Optimistic Locking pattern for EJBs

Deploy transactionally safe EJB code

As a developer, you strive to provide both functionality and performance to your users. With that in mind, how do you ensure that your consideration for performance does not compromise data integrity?

Enterprise applications often try to balance application scalability with concurrency considerations. You can achieve scalability using many different techniques, including minimizing network traffic, which often manifests itself in the Value Object pattern. Using this pattern, however, raises data integrity issues, which we will address here.

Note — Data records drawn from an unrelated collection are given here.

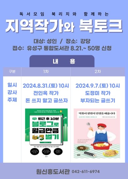 강연 과정은 (8.31.) 전인옥 작가와‘돈 쓰지 말고 글쓰자’를 주제로, 저서'퇴근 후 10분 블로그로 월급만큼 벌기', (9.7.) 도정미 작가와‘부자되는 글쓰기’를 주제로, 저서'떡볶이 팔면서 인생을 배웁니다'에 대해 강연하고 이야기를 나누는 형식으로 진행될 예정이다.
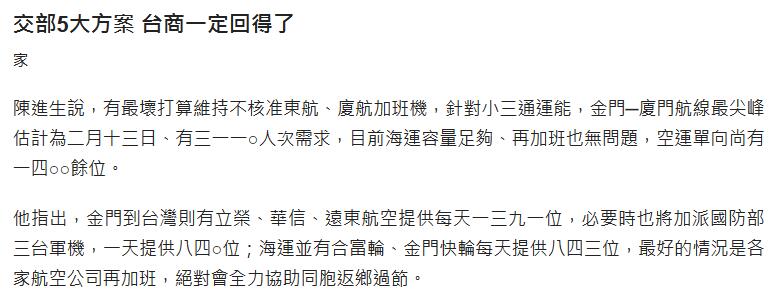 兩岸春運主要加班航班是東航與廈航,共計176個航班,運輸旅客約5萬人,讓這五萬人乘坐其他航班前往台灣。暫且不説由此產生的額外機票費用與額外消耗的時間,在春運航班高峯期間,想臨時買別的機票有那麼容易麼?而詳細的方案更是腦洞奇大。
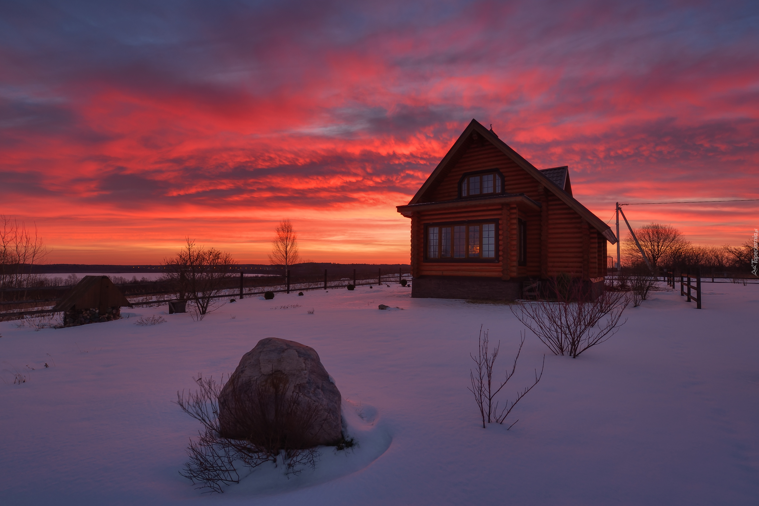 Edytor tapety: Dom we wsi Vashutino o zachodzie słońca

This article describes the Optimistic Locking pattern. It begins with a transactional overview, then describes the data integrity problem in detail. Next, it considers a number of solutions, focusing on a specific solution illustrated with an example.

Transactional overview

Transactions represent a fundamental unit of work for managing business complexity. At its most basic, a transaction is an execution of a program (updating a customer record in a database or making a reservation, for example). A typical business application has many associated transactions.

Transactions ensure the integrity of an application's business rules, a process that gives rise to transaction processing (TP) applications that execute multiple transactions simultaneously. A TP application creates, executes, and manages transactions, and also provides a scalable, distributed environment in which they can run.

As a TP application example, consider an airline reservation system. (One of the first TP applications was an airline reservation system called Sabre built by IBM for American Airlines.) In our example, when a passenger wants to book a seat on a flight, three things must happen:

  • An open seat must exist on the flight
  • A ticket must be issued
  • The passenger must be billed via a credit card using Electronic Data Interchange (EDI)

This system quickly raises concurrency, scalability, and consistency concerns when multiple users try to make reservations on a distributed system.

To simplify the potential complexity, consider the entire flight booking process as one unit of work -- a transaction. A transaction comprises four critical properties:

  • Atomic
  • Consistent
  • Isolated
  • Durable

Together, the four critical properties produce the ACID acronym.

In the context of our example, consider a transaction atomic if it executes either completely or not at all. For example, if no seat exists on the plane, the entire transaction aborts or rolls back to the transaction's start. When a transaction rolls back, the database returns to the state it had prior to the transaction's inception.

Moving on, consider a transaction isolated if the transaction executes serially. In other words, it should appear as if the transaction runs alone with no other transaction occurring simultaneously. This guarantees data integrity.

A transaction must also be durable; a permanent record of the transaction must persist. This may sound obvious, but for optimization purposes transactional records are often kept in memory. However, the transaction cannot be considered ACID until the data is written to permanent storage.

Although second on the list, the last term of an ACID transaction to consider is consistent. A transaction ensures consistency if it is atomic, isolated, and durable. If an airplane possesses 10 seats and each seat sells for 00, then at the end of 10 successful transactions the airline's account should have ,000 more than it did when it started. If this is the case, the database is in a consistent state.

Transactions in EJBs

EJBs specifically support distributed transactions. Two types of transaction handling exist: bean-managed and container-managed transactions. The two types simplify the deployment of transactionally aware EJBs.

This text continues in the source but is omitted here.